Quick Links

RE: Query ID Calculation Fix for DISTINCT / ORDER BY and LIMIT / OFFSET

From:	Bykov Ivan <i(dot)bykov(at)modernsys(dot)ru>
To:	Michael Paquier <michael(at)paquier(dot)xyz>, David Rowley <dgrowleyml(at)gmail(dot)com>
Cc:	Sami Imseih <samimseih(at)gmail(dot)com>, "pgsql-hackers(at)postgresql(dot)org" <pgsql-hackers(at)postgresql(dot)org>
Subject:	RE: Query ID Calculation Fix for DISTINCT / ORDER BY and LIMIT / OFFSET
Date:	2025-03-17 07:33:42
Message-ID:	b220da2ce9a446bd90ff48ed9508786f@localhost.localdomain
Views:	Whole Thread \| Raw Message \| Download mbox \| Resend email
Thread:
Lists:	pgsql-hackers

Hello, Michael!

> So, here is attached a counter-proposal, where we can simply added a
> counter tracking a node count in _jumbleNode() to add more entropy to
> the mix, incrementing it as well for NULL nodes.

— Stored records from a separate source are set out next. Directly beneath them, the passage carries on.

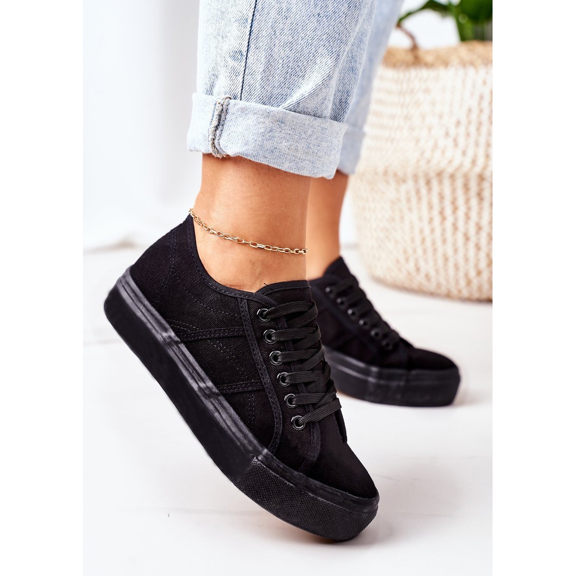 Les baskets à plateforme élégantes pour femmes PW1 en noir sont un choix parfait pour les femmes qui apprécient à la fois l'apparence à la mode et le confort. Ces baskets modernes se distinguent par une grande plateforme en caoutchouc de 3 cm de hauteur, qui ajoute non seulement quelques centimètres de hauteur, mais assure également la stabilité lors de la marche.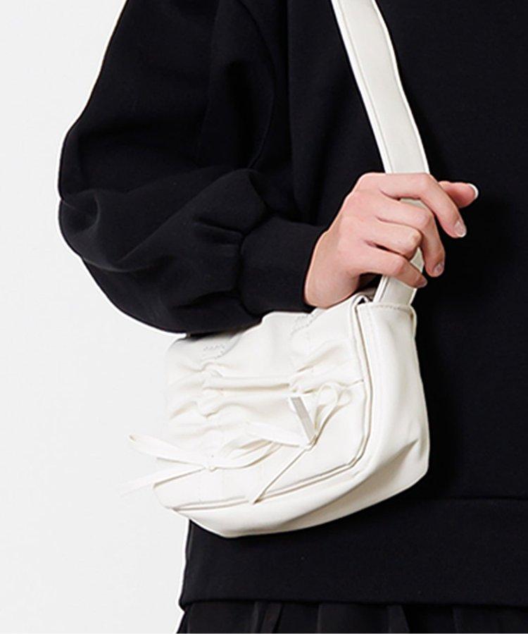 迷你手袋採用時尚的緞帶聚攏設計,大小適中,可放置錢包、手機和配飾。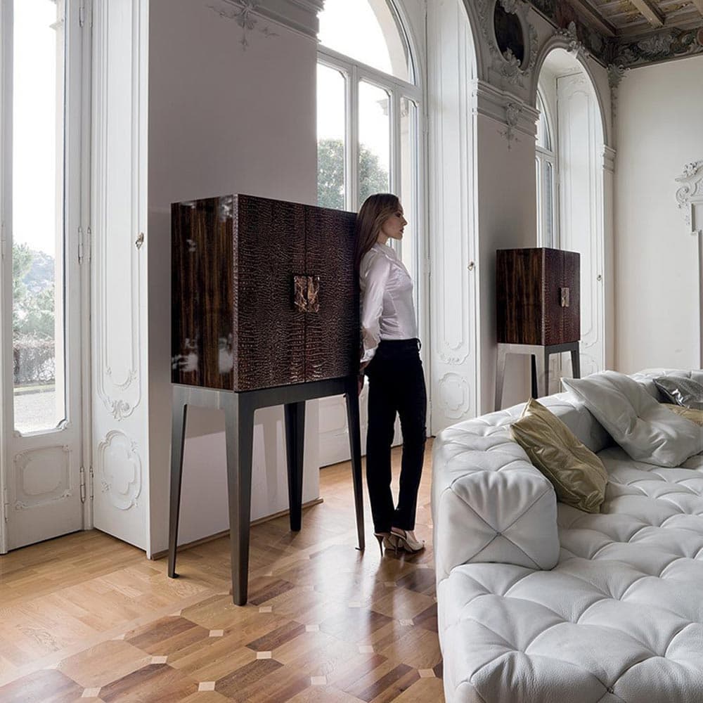 The refined Lady Tall Boy by Longhi is a sophisticated selection for your TV room. We have a beautiful selection of modern designer display cabinets, many with customisable options that can be tailored to your preferences. Our close supplier relationships allow us to request options that may not be on our product pages. Let us offer you expert advice you based on your requirements. Whatsapp us, call us or visit our showroom to see our sample cabinet selection.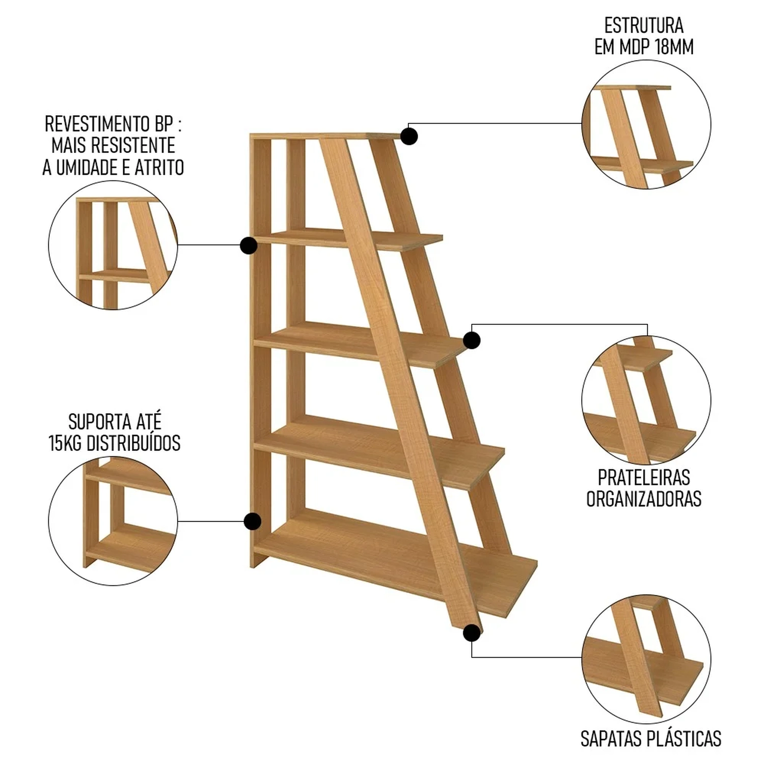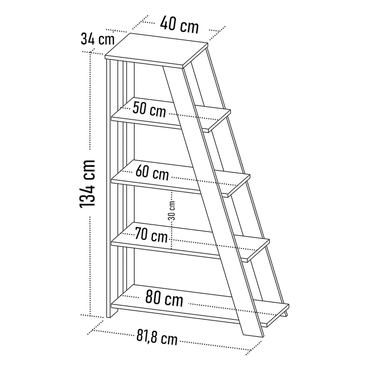 Com seu design de modelo escada, essa estante livreiro não apenas oferece uma solução prática de armazenamento, como também serve como uma peça decorativa elegante em qualquer ambiente. As cinco prateleiras proporcionam amplo espaço para exibir livros, fotos e outros itens de sua preferência, tornando-a ideal para sala de estar, home office e quarto. Seja você um amante de design ou alguém que busca por funcionalidade, o livreiro multiuso Stela é a melhor escolha para você.

It definitely looks like a more reliable solution than my variant, which only
counts NULL nodes.

However, we already knew about the overhead of adding `\0` bytes for
every NULL field.

> So that adds about 9.1% overhead to jumbling, on average.

See:
https://www.postgresql.org/message-id/flat/5ac172e0b77a4baba50671cd1a15285f%40localhost.localdomain#6c43f354f5f42d2a27e6824faa660a86

Is it really worth spending extra execution time to increase entropy
when we have non-NULL nodes?

Maybe we should choose to add node_count to the hash every time we visit
non-NULL or NULL nodes.
We could also add entropy if we see a change in the node->type value for
non-NULL variants.

Your Variant
------------

< node_count = 1 > < node 1 >
< node_count = 2 > /* node 2 = NULL */
< node_count = 3 > < node 3 >

Alternative 1 (mark only NULL Nodes)
------------------------------------

/* node_count = 1 */ < node 1 >
< node_count = 2 > /* node 2 = NULL */
/* node_count = 3 */ < node 3 >

Alternative 2 (mark only non-NULL Nodes)
----------------------------------------
This could address concerns about problems related to visiting nodes with the
same content placed in different query tree branches.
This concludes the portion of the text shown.